Указав на то, что нужно для историка (обширная начитанность, логика и риторика), изложив правила исторической критики, Татищев перечисляет источники русской истории, которые разделяет на: 1) общие (Несторов Временник, Степенная книга, Хронограф, Синопсис); 2) предельные, т. е. местные летописи; 3) акты; 4) участные, т. е. биографии, описания отдельных событий, жития святых. Краткие отзывы о разных перечисленных источниках вообще правильны; между материалов Татищев упоминает и о таких сочинениях, которые были известны ему только по имени и которых, несмотря на все старания, он нигде отыскать не мог. Но если сам Татищев откровенно говорит, какие книги у него были и какие он знает только по имени, подробно рассказывая, какие из них находились у кого из известных людей, то, видя такую добросовестность, имеем ли право обвинять его в искажениях, подлогах и т. п.? Если б он был писатель недобросовестный, то он написал бы, что все имел в руках, все читал, все знает. Мы имеем полное право в его своде летописей принимать одно, отвергать другое, но не имеем никакого права в неправильности некоторых известий обвинять самого Татищева.

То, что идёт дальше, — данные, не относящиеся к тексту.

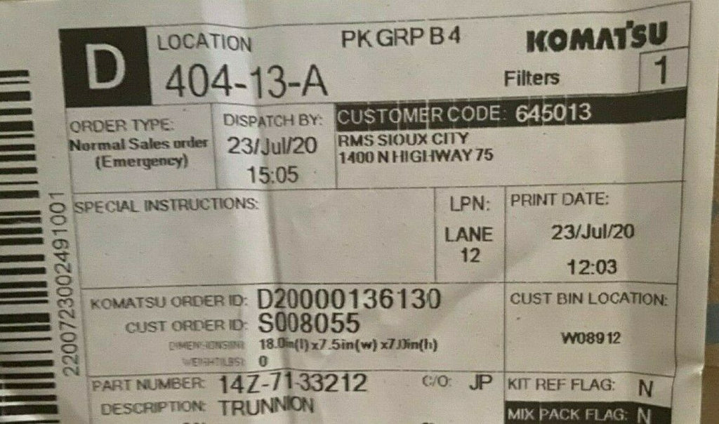 GENUINE OEM 14Y7113211 Trunnion for Komatsu  Part Applications: KOMATSU D65EX-12BOSS, KOMATSU D65PX-16, KOMATSU D65EX-15E0, KOMATSU D65PX-15, KOMATSU D65PX-15E0, KOMATSU D65PX-12, KOMATSU D65EX-15, KOMATSU D65EX-12

Сперва Татищев начал было сочинять "историческим порядком, сводя из разных мест к одному делу, и наречием таким, как ныне наиболее в книгах употребляем". Но ясный смысл, к счастью, заставил Татищева переменить намерение: он нашел в списках летописи разногласия, причем, сочиняя историю, разумеется, должен был выбирать; кроме того, списки находились в разных руках, отчего могли затеряться, ссылаться на них нельзя, "и если б, по словам Татищева, наречие и порядок их переменить, то опасно, чтоб и вероятности не погубить". Это заставило Татищева свести все списки "тем порядком и наречием, каковые в древних находятся, собирая из всех полнейшее и обстоятельнейшее в порядок лет, как они написали, не переменяя, не убавливая из них ничего, кроме ненадлежащего к светской летописи, яко жития святых, чудеса, явления и проч., которые в книгах церковных обильнее находятся, но и те по порядку некоторые на конце приложил, також ничего не прибавливал, разве необходимо нужное для выразумения слово положить, и то отличал вместительною". Потом, думая, что такой свод будет невразумителен для большинства читателей и особенно неудобен для перевода на иностранные языки, Татищев перевел его на употребительный в его время язык.

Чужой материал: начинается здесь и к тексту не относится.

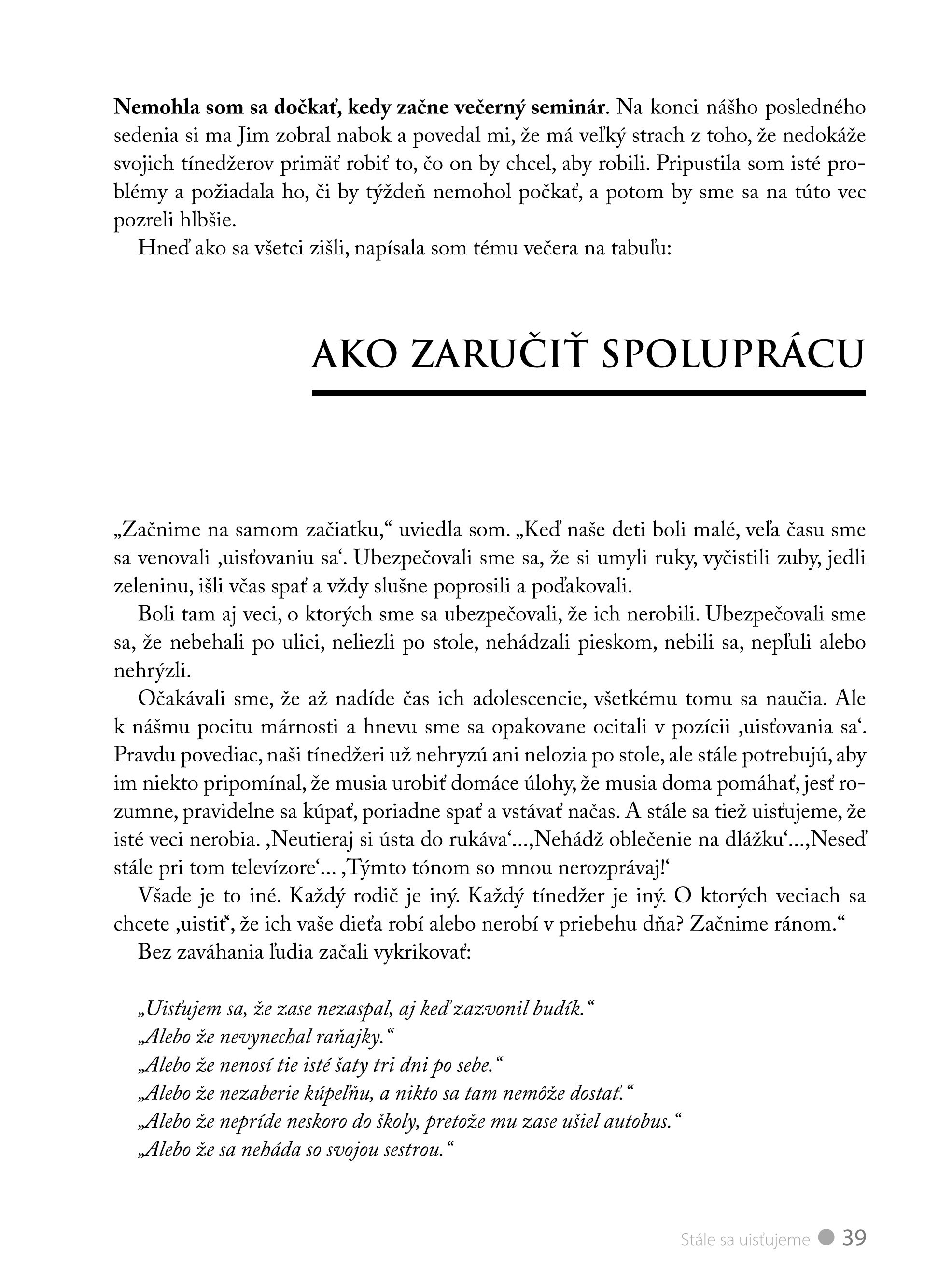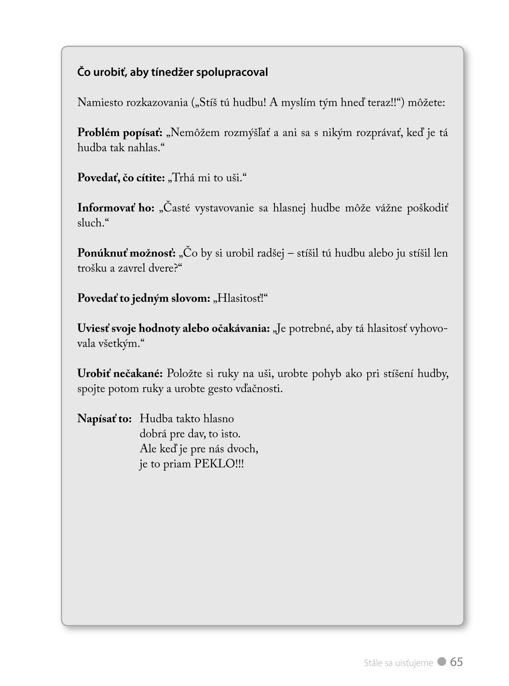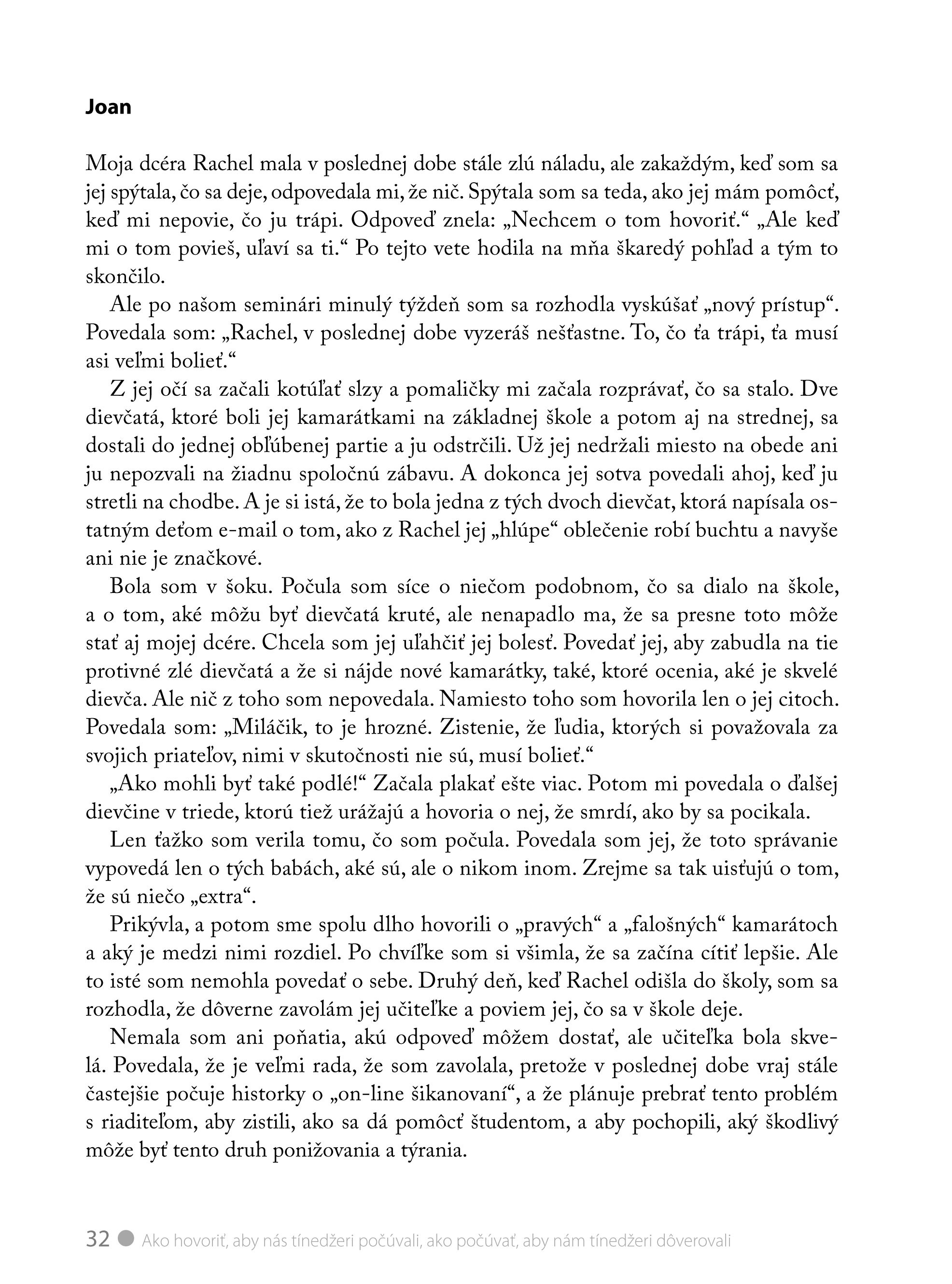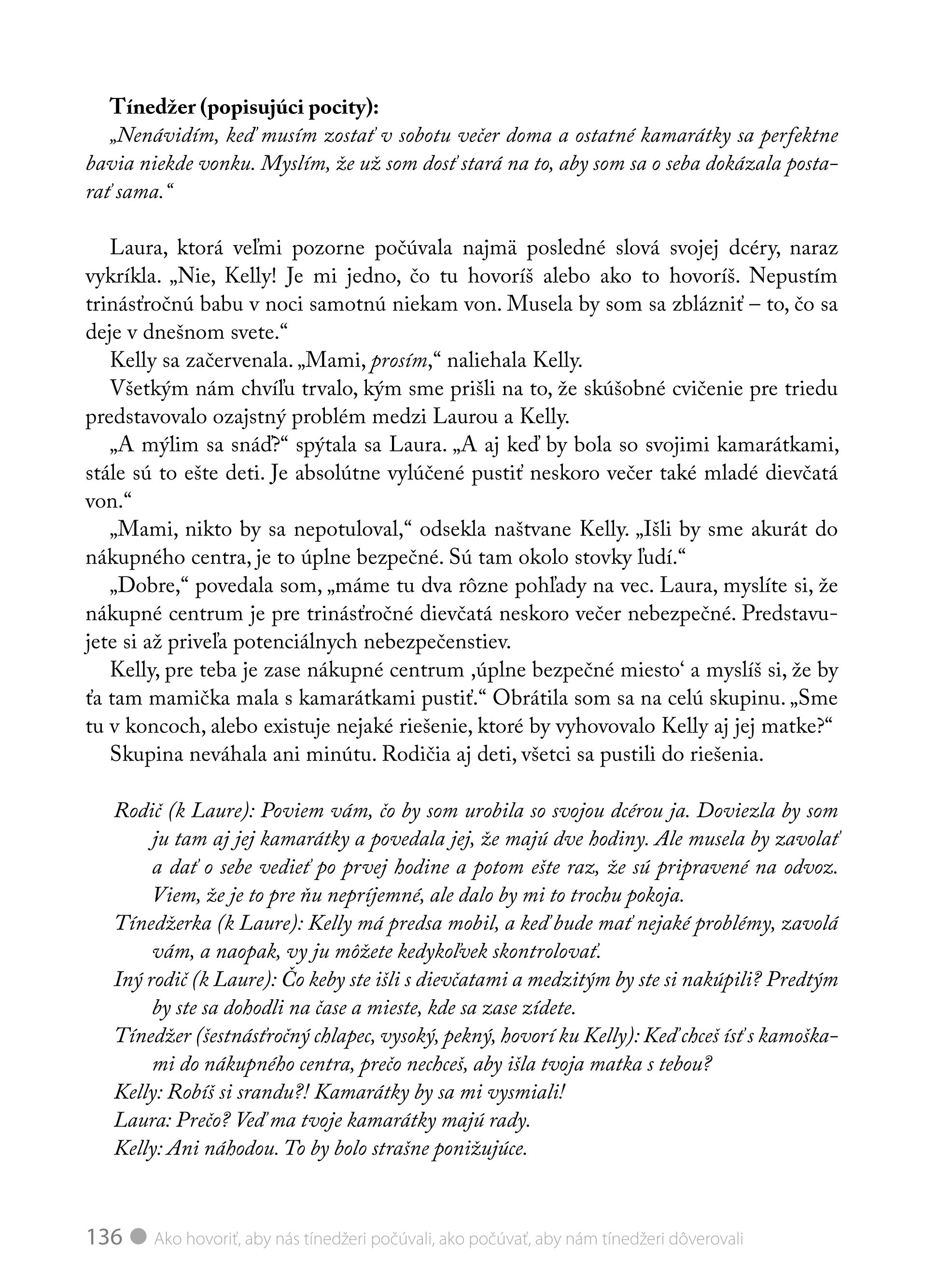 Máte doma pubertiaka a rozumiete si s ním čím ďalej menej? Táto kniha je skvelým radcom, ako komunikovať s dospievajúcimi tak, aby naše slová brali vážne a ako ich počúvať, aby v nás dospelých videli partnera a nie nepriateľa. Spôsoby konania a tipy, ako viesť dialóg, sú veľmi názorne predvedené na kreslených scénkach. Autorky využívajú príklady zo života a rozhovorov medzi rodičmi a ich deťmi. Na problémoch iných rodín si lepšie uvedomíte, kde sa dopúšťate chýb a poučíte sa, ako niektoré zabehnuté spôsoby správania zmeniť.

После исчисления материалов Татищев предлагает разделение своего труда на четыре части: первая включает известия о летописях и описание трех главных народов - скифов, сарматов и славян - до 860 года; вторая заключает свод летописных известий от 860 года до нашествия татар; третья - от татар до Иоанна III; четвертая - от Иоанна III до царя Михаила Федоровича. Татищев хотел остановиться на избрании царя Михаила, во-первых, потому. что события начиная с этого времени еще в свежей памяти и писать историю новой династии никому не будет трудно; во-вторых, потому, что "в настоящей истории явятся многих знатных родов вели кие пороки, которые, если писать, то их самих или их наследников подвигнут на злобу, а обойти оные - погубить истину и ясность истории или вину ту на судивших обратить, еже было с совестью несогласно". При этом Татищев говорит, что книг, могших быть ему полезными, собрал он более 1000; жалуется на недостаток искусных переводчиков, на неправильность польских сочинений, искажавших древние имена переводом их на новые; говорит, что принесли ему пользу лексиконы: Буддеев - всеобщий исторический, Генсиусов или Мартиньеров - географический, Байлев - истории критический, но жалуется, что относительно русской истории в них нет ни одного верного известия, ибо иностранцы не знают русской истории и географии. "И они в том невинны, - прибавляет Татищев, - когда того и у нас нет".

Введение свое Татищев заключает указанием причины всех приключений и деяний: эта причина, по его мнению, есть ум или отсутствие его, глупость. Такой односторонний взгляд соответствовал тому началу, которое было тогда на очереди в преобразованной России. Преобразование произошло вследствие того, что русские сознали необходимость просвещения, науки для продолжения своей исторической жизни. Отсюда развитие ума на первом плане, тогда как в древней России при недостатке просвещения, умственного развития господствовало чувство - другая "причина всех приключений и деяний". Как всякая сила человеческая, не умеряясь другою, стремится к крайности, производит неправильности и заблуждения, так и чувство, не умеряемое развитием умственным, просвещением вело в древней России к известным печальным явлениям, веру превращало в суеверие. Произошел переворот, на очереди явилось другое начало, и мы также замечаем односторонность и следствия ее, неправильности и заблуждения. Ревностные служители нового начала, дети преобразования, научившись и начитавшись, в своей вражде к искажению господствовавшего в древней России начала, к тому, что они называли суеверием, не поняли, что с одним умом, без чувства в истории ничего не делается, что чувство есть начало зиждительное, тогда как ум, не умеряемый чувством, может только сомневаться, отрицать и разрушать, но никогда ничего не создаст и не спасет. Умники не поняли и не понимают, что в Западной Европе так называемые средние века, века варварства и невежества, были веками зиждительными для государства и общества, потому что тогда господствовало чувство, а когда наступило господство другого направления - умственное развитие, сомнение, то зиждительства не видим: видим более или менее правильное развитие созданного, да и то только при помощи чувства, одушевления, веры.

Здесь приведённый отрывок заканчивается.